И вдруг газетная заметка «Тайна загадочного ящика» потрясла русскую эмиграцию. Один из чинов компании «Руссо-Серб» (подставной агент Врангеля при продаже ценностей, как выяснилось доподлинно), некий М. Белоус, недурно заработавший на продаже серебра, публично предъявил своим вчерашним коллегам обвинение в том, что они, воспользовавшись его временным отсутствием, вскрыли в помещении «Руссо-Серб» ящик его стола и украли какие-то ценные бумаги. Не ограничившись газетой, Белоус обратился в полицию. Начались допросы, сыск, казавшиеся невинными и пустяковыми: кому понадобились бумаги неизвестного Белоуса? Дело, однако, приняло внезапно иной оборот, когда следователь стал допрашивать заведующего финансовой частью штаба главнокомандующего, небезызвестного мне барона Тизенгаузена:«На какую сумму продали каттарского серебра? Сколько уплатили куртажных? Где хранится договор о продаже?» Г-н барон встал было в позу невинно оскорбленного: какое, дескать, все это имеет отношение к делу Белоуса? Однако следователь, резко оборвав Тизенгаузена, проявил поразительное знание предмета и заявил, что, по его данным, лишь коммерческая прибыль «Руссо-Серб» от продажи части казны составила чуть не четверть стоимости драгоценного лома, а это представляет более двадцати двух тысяч фунтов стерлингов, приобретенных таким образом из воздуха. Барон почувствовал, запахло паленым. Выяснилось, М. Белоус обвиняет «Руссо-Серб» не только во взломе, но и в неправильном дележе добычи. Ему дали лишь 940 фунтов стерлингов, а полагалось чуть не втрое больше. Что же касается 3800 фунтов, израсходованных на представительство и уменьшивших его гонорар, ему, дескать, до этого нет дела, да и были ли такие расходы — неизвестно, ибо расписок нет и кому пошла шикая сумма — неизвестно... Поднялся вселенский шум в газетах. И опять Врангелю повезло: Белоус оказался сговорчивым.

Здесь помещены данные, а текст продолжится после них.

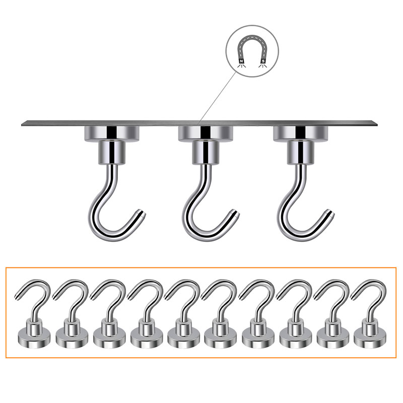 10 Pcs D20mm 25mm 32mm 36mm 40mm 42mm 46mm 48mm Magnetic Hooks Heavy Duty Wall Hooks Hanger Super Strong Neodymium Magnet Hooks

Получив еще 450 фунтов (негласно, разумеется, но сведения об этом проникли в печать), он заявил, что претензий к «Руссо-Серб» не имеет, и дело было прекращено. Оказалось, Врангель не имел отношения к сделке, которая проводилась Павлом Дмитриевичем Долгоруковым и Николаем Николаевичем Львовым — моими соратниками, если вспомнить подложное письмо, написанное Леонидом от имени Кривошеина, сыгравшее едва ли не решающую роль при бегстве с родной земли, которое иначе чем трагической ошибкой и не назовешь.

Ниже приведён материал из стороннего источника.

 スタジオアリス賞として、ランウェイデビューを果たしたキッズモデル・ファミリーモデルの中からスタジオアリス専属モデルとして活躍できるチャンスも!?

Итак, в пути за правдой, справедливостью и реабилитацией собственной чести и доброго имени совершил я в Париже чуть не кругосветную одиссею. И были на пути моем бушующие моря и обманчиво тихие гавани, свои сциллы и харибды, и медоречивые сирены. Путь завершен. От господ бывших российских сенаторов и министров до политических шарлатанов, от господина Милюкова до господ, именующих себя «социалистами» и «революционерами». Одни смотрели на меня как на назойливую муху, другие — как на сумасшедшего, третьи отшатывались, точно от прокаженного. Мои гневные тирады оставалась гласом вопиющего в пустыне...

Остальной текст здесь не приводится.